The Codex’s history before coming into Sassoon’s hands is shrouded in mystery. It can be traced to various passing hands from the 11th to 13th centuries throughout Syria before it disappeared from all knowledge from the late 1400s until a man by the name of Aron Freimann, a scholar of Hebrew manuscripts, reached out to Sassoon in 1929 about purchasing it. What Freimann knew about the Codex’s time from 1400 on is lost as his personal papers were lost when he fled Nazi Germany. 

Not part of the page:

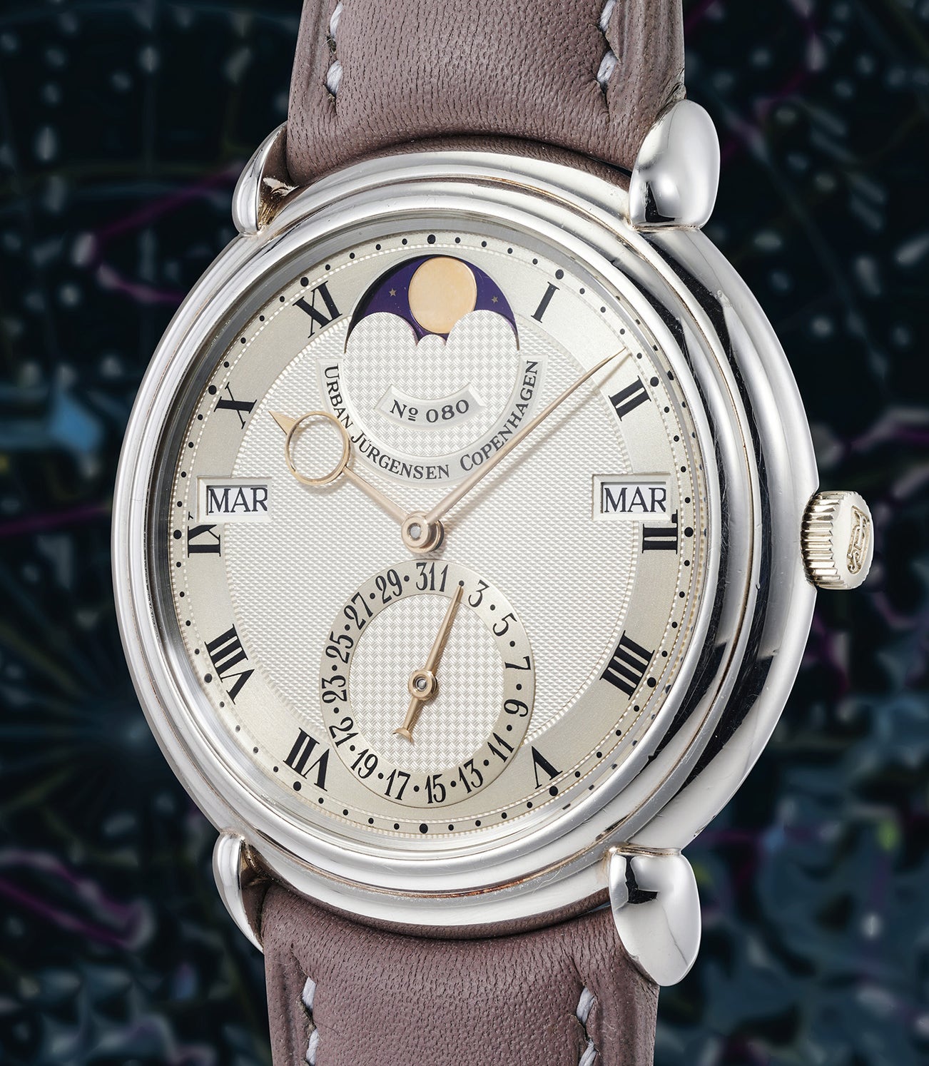 The wristwatches produced during the rebirth of Urban Jürgensen as a brand in the 1980s and 1990s epitomize the marriage of old and new in a way that breathed fresh life into contemporary watchmaking. New owner Peter Baumberger, with his partner, the much-heralded English watchmaker Derek Pratt, set out to rebuild the brand still committed to the original tenets of technical excellence, traditional aesthetics, and handmade master craftsmanship. Aesthetically, the present piece can be considered a pinnacle of elegance: the satin outer track with Roman numerals and simple minute divisions frame the clean guilloché center. Subtle aesthetic details, at first glance easily missed, work behind the scenes to achieve the final effect. One example is offered by the windows which do not feature simply sloped sides, but rather are recessed inside the dial. Another one is given by the fact that the guillochage of dial and subdials is different, and a third style of engine turning is employed to delimit the inner, central and outer boundaries of the satin tracks for the hours and the minutes. The case is perfectly proportioned at 38mm and features classic teardrop lugs.

Sotheby’s stressed the Codex’s importance to the transference of the Bible, acting as a “crucial bridge” between the Dead Sea scrolls, which contain the earliest writings of the Hebrew Bible and has been dated from the 3rd century BC to the 1st century AD. “It standardized and stabilized the Hebrew text of the Bible,” said Sharon Mintz, senior Judaica specialist at Sotheby’s. Because of the Codex’s age and contribution to history, the Codex could very well become the most expensive historical document ever, with some estimating it could sell for up to $50 million. Mintz stressed the uniqueness of the Codex, saying, “This is one of the world’s greatest treasures. We looked at other items that have sold recently and priced it according to how highly we value it and how highly the world will value it. This is a once-in-a-generation opportunity.”